Krugman’s blog, 7/10, 7/11 and 7/12/15

There were two posts on Friday, one on Saturday, and two yesterday.  Friday’s first post was “Austerity and the Greek Depression:”

Olivier Blanchard offers a defense of the IMF’s role in the Greek crisis. Basically, he argues that given the political realities, there was no alternative to requiring that Greece move into primary budget surplus, whatever the cost. This is surely true.

But how big was the cost? I’m with Brad DeLong in being highly puzzled by this assertion:

The decrease in output was indeed much larger than had been forecast. Multipliers were larger than initially assumed. But fiscal consolidation explains only a fraction of the output decline. Output above potential to start, political crises, inconsistent policies, insufficient reforms, Grexit fears, low business confidence, weak banks, all contributed to the outcome.

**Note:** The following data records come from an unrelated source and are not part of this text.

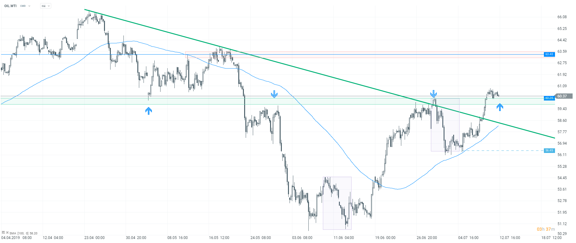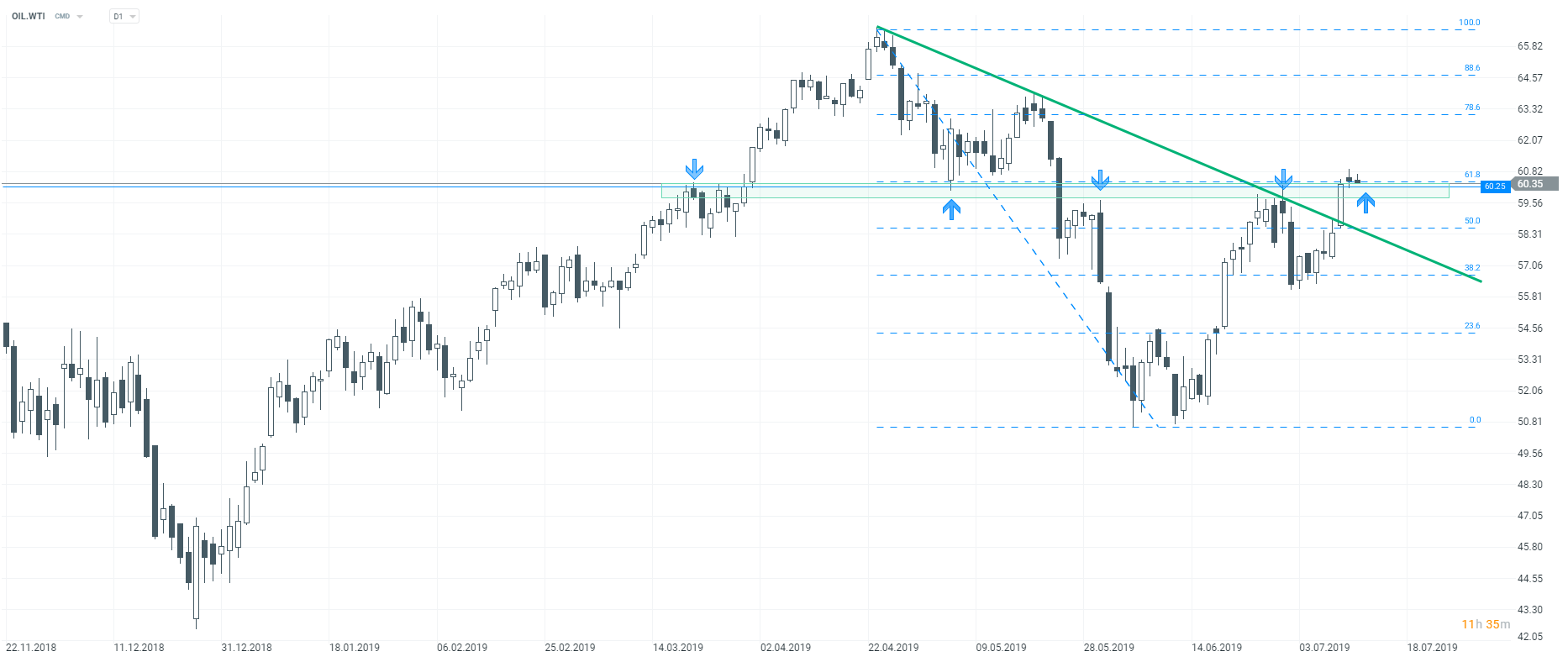 Il s'est passé beaucoup de choses sur le marché du pétrole ces derniers jours. Mercredi, nous avons pu observer une hausse des prix du pétrole de plus de 4% en raison des tensions croissantes dans le détroit d'Hormuz et de la baisse plus importante que prévu des stocks de brut annoncée par le Département de l’Energie. Aujourd'hui, le pétrole WTI se négocie à 60,50 $. En regardant l'intervalle journalier, on peut voir que la zone de résistance principale a été franchie. La zone située autour des 60,25 $ est marquée avec quelques hauts et bas, et le niveau des 61,8 % des retracements de Fibonacci peuvent également être trouvés ici. De plus, les prix ont dépassé la ligne de tendance baissière (couleur verte sur le graphique ci-dessous), ce qui laisse supposer que la tendance s'est inversée.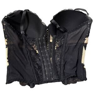 Victorias secret black & nude corset top lace tie up the front bra size 36D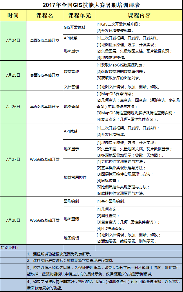 2017年第九届全国高校GIS技能大赛已经全面启动,为了帮助高校师生更加深入地了解GIS云平台架构理念和MapGIS 10软件的操作开发方式,武汉中地数码科技有限公司决定举办2017年暑期免费培训班。培训主要针对2017年第九届全国高校GIS技能大赛参赛组成员(参赛选手和指导老师),届时将由公司的培训讲师为大家授课。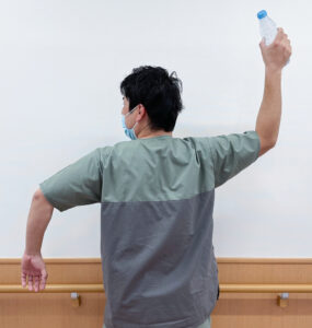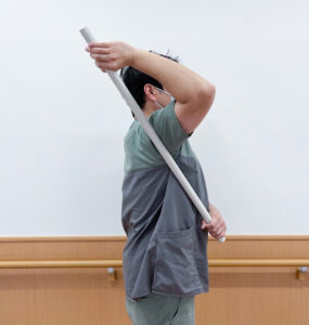 【チェック方法】棒やバッドを写真のように持ち、胸を張ったり背中を丸めたりした時に肩に張り感や痛みがでないかどうかをチェックします。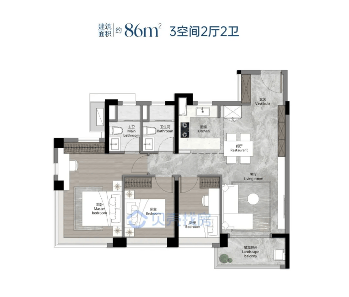 建面约88㎡三房两厅两卫:刚需首选,紧凑实用:该户型为刚需首选户型,四开间朝南,采光通风俱佳。入户玄关处配备L型收纳柜(花池报建,全赠送),入户花园以阳台报建,只计算一半面积,可作为入户通道、餐厅使用,空间灵活。客厅拥有L型采光面,搭配飘窗设计,室内空间明亮通透;主卧三面飘窗,一侧作为整面衣柜,另一侧摆放梳妆台,还有约270°观景视野,私密性和舒适度兼具。

Where is this coming from? I look at the data prior to this year — when we have indeed seen a crisis of confidence — and Greece’s output decline looks like just about what you should have expected given the austerity imposed. The chart shows changes in the structural budget balance versus changes in output, for all eurozone countries for which the IMF provides estimates of both numbers.

The line is the relationship between austerity and growth fitted to all eurozone countries except Greece, implying a multiplier of 1.5; I extrapolate that line down to Greece, and it’s pretty close. Obviously you could do more complicated analyses, but on the face of it Greece appears to have suffered a slump overwhelmingly because of the austerity; surely there’s no grounds for dismissing this impact as a mere fraction of the problem.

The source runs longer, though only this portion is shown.